How can we wrap this up then? Well, personally, I think the main four of the Addams Family are just different expressions of the same character. Make Wednesday (more) stereotypically male gender, give her more experience, more confidence, make her more comfortable in herself and with others and you have Gomez.

The answer to the real hypothesis then, could I be like someone who inspired the main characters in The Addams Family? Yes, very easily I could. That wasn’t my point, though. It really was all about the journey – which means that someone, presumably in America, some time before 1938 had a lot of the same character traits as I do.

Inherently we know this, of course, but in a society that contains so much pressure to be normal it can be lonely and isolating to find yourself outside of that. This can be particularly true when you’re younger. If you relate to anything I’ve said here know you’re not alone, we’re actually not that uncommon at all.

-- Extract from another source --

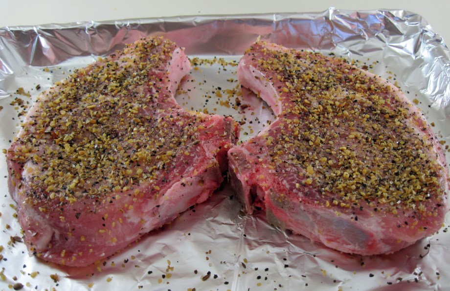 Pork chops ready to pan fry
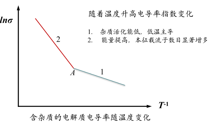 - 杂质电导,固定较弱的离子的运动,低温下显著

If you’re thinking I’m describing someone you know then hopefully you understand them a little better. People are complex, we have different skills and abilities, but we also have different baselines, different ranges of thought that are normal for us. Being outside that is unhealthy, but it’s quite possible for someone to be in their normal range and outside of yours.

Humanity became the dominant species on Earth because of its diversity, adaptability, its ability to communicate and work as teams. Our differences are not things to try to hide or normalise out, they’re things we should celebrate. The world would be a much better place if we all remembered that.